*TASK BRIEF*:
Print, exactly as they stand, the lines below from the one that has "The FAW 12,000L" to the one that has "- 商店EPSON LK-4TBN", inclusive, leaving out the pictures.

*EXTRACTED RECORDS*:
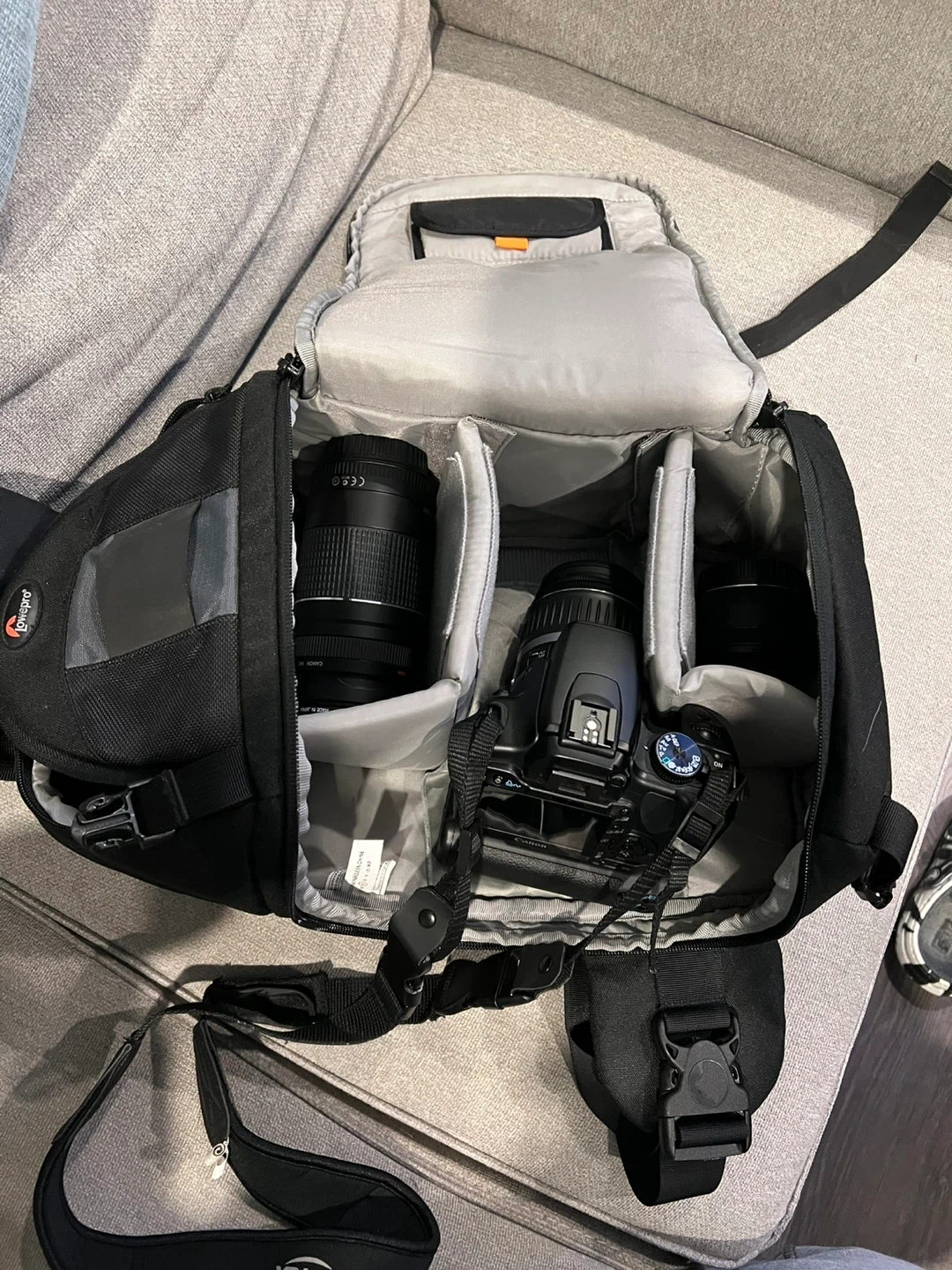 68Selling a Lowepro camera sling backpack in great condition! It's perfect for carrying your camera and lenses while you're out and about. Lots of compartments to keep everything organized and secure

--

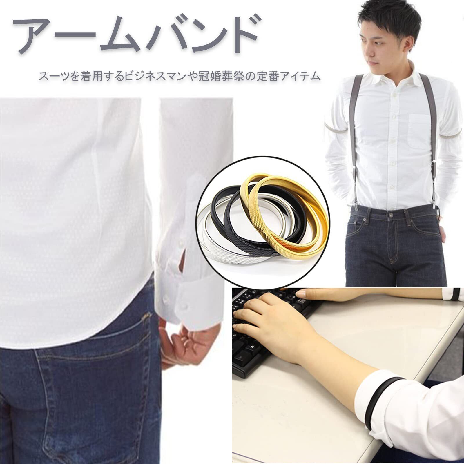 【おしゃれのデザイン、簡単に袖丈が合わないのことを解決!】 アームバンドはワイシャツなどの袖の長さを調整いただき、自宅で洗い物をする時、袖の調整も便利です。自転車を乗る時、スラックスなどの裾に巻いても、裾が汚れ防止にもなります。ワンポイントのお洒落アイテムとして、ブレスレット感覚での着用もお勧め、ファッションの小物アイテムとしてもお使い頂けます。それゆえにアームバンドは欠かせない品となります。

---

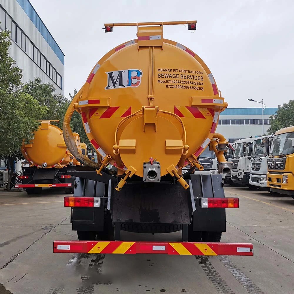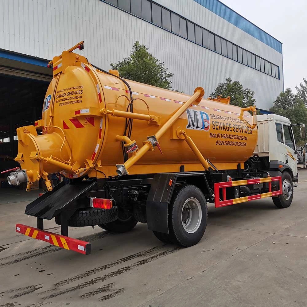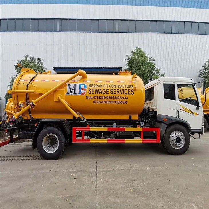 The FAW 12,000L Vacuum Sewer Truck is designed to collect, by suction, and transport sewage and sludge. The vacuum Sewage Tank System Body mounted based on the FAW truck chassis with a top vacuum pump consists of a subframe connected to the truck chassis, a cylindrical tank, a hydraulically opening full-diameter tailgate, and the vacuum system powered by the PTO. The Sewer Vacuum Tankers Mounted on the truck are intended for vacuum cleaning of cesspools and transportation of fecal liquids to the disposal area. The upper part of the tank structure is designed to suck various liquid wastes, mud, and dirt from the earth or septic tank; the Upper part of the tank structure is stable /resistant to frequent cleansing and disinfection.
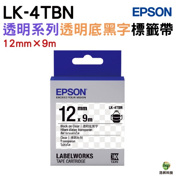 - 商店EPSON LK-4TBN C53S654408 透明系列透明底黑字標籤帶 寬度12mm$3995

*RESPONSE TO THE EXERCISE*:
 The FAW 12,000L Vacuum Sewer Truck is designed to collect, by suction, and transport sewage and sludge. The vacuum Sewage Tank System Body mounted based on the FAW truck chassis with a top vacuum pump consists of a subframe connected to the truck chassis, a cylindrical tank, a hydraulically opening full-diameter tailgate, and the vacuum system powered by the PTO. The Sewer Vacuum Tankers Mounted on the truck are intended for vacuum cleaning of cesspools and transportation of fecal liquids to the disposal area. The upper part of the tank structure is designed to suck various liquid wastes, mud, and dirt from the earth or septic tank; the Upper part of the tank structure is stable /resistant to frequent cleansing and disinfection.
 - 商店EPSON LK-4TBN C53S654408 透明系列透明底黑字標籤帶 寬度12mm$3995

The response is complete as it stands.